Problem/Motivation

The Search module's Content (Node) search allows you to specify result ranking/ordering factors. These factors include Number of Comments and Number of Page Views. However, neither the comments nor page views ranking is currently working. This has been broken since Drupal 7.

The reason that it is not working is that hook_update_index() [which lets search modules add items to the search index during search_cron()] in Drupal 7 was changed so that it was only called on search modules that were marked as "active" on the Search settings page. In Drupal 8, this was even more the case, since indexing happens by calling the updateIndex() method on the plugins of active search pages. But the comment/statistics ratings relied some code in comment_update_index() and statistics_update_index() being executed, and it was never executed.

Proposed resolution

Fix so that the rankings work. This was done by moving the necessary code (which basically was just calculating normalization factors for these rankings) into the hook_cron() for these two modules. This could be slightly inefficient, since it will be executed even if there isn't a node search module active that needs these factors to be calculated, but it's difficult to detect that and it's only one line of query and a settings update anyway, and it only happens during cron runs where runtime should not be that huge of an issue.

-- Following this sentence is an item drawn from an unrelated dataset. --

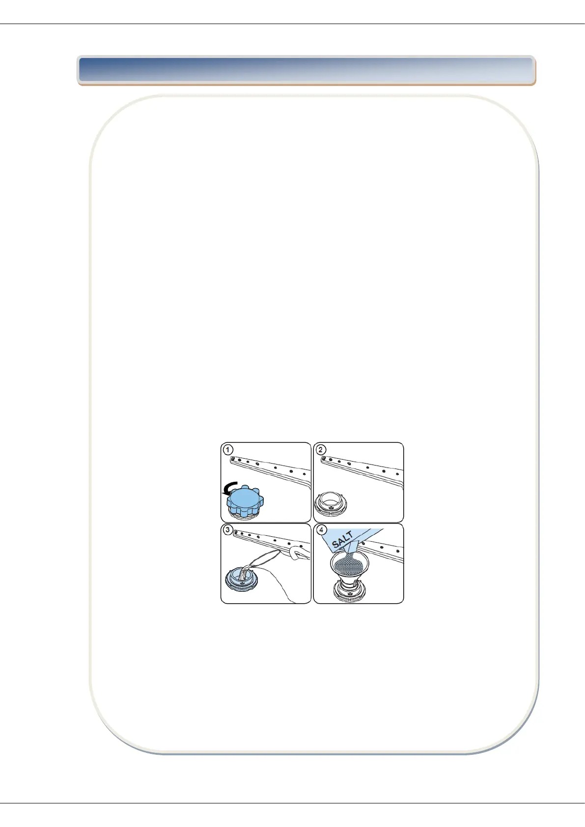 At first use, fill the compartment with 1 kg salt and water (3) until it is almost overflowing. If

In getting it to work, I also found that a CAST in the search query code that actually added the rankings to queries was causing problems, so I took that out.

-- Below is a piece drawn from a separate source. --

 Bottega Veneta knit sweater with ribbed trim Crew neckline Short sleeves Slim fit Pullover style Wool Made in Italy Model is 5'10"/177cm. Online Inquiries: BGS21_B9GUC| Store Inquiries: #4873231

And there were some problems with the tests themselves, so those were fixed as well (in Drupal 8, simulating in a test that a node had been viewed was kind of problematic, so the test now updates the database directly to simulate it).

Remaining tasks

None, except committing the patch.

User interface changes

Rankings for node searches based on comments and statistics will work.

API changes

None.

Original report by @rayasa

In the search settings, when ONLY the ranking factor 'number of comments" is set (i.e. >0), the scores for all search results is being calculated to 0 even if they have comments.

Observations:

1) The functionality to rank search results based on number of comments requires that the variable 'node_cron_comments_scale" is properly set. This variable is set by the hook function comment_update_index, but, it seems that this function is never invoked. I guess, the function search_cron is expected to call all hook_update_index implementations, but currently it's not being done for comment module implementation of the hook.

function search_cron() {
  // We register a shutdown function to ensure that search_total is always up
  // to date.
  drupal_register_shutdown_function('search_update_totals');

  foreach(variable_get('search_active_modules', array('node', 'user')) as $module) {
    // Update word index
    module_invoke($module, 'update_index');
  }
}

I suppose, instead of doing a module_invoke only on the active search modules, search_cron should do a module_invoke_all('update_index'). The patch attached does the change.

2) There maybe a small glitch in the hook implementation comment_rankings:

function comment_ranking() {
  return array(
    'comments' => array(
      'title' => t('Number of comments'),
      'join' => array(
        'type' => 'LEFT',
        'table' => 'node_comment_statistics',
        'alias' => 'node_comment_statistics',
        'on' => 'node_comment_statistics.nid = i.sid',
      ),
      // Inverse law that maps the highest reply count on the site to 1 and 0 to 0.
      'score' => '2.0 - 2.0 / (1.0 + node_comment_statistics.comment_count * CAST(:scale AS DECIMAL))',
      'arguments' => array(':scale' => variable_get('node_cron_comments_scale', 0)),
    ),
  );
}

Here, a CAST to Decimal for ':scale' is not required as the variable 'node_cron_comment_scale' is already loaded with a value of type Decimal. Moreover, doing the CAST sets the score to 0 again. The attached patch handles this too.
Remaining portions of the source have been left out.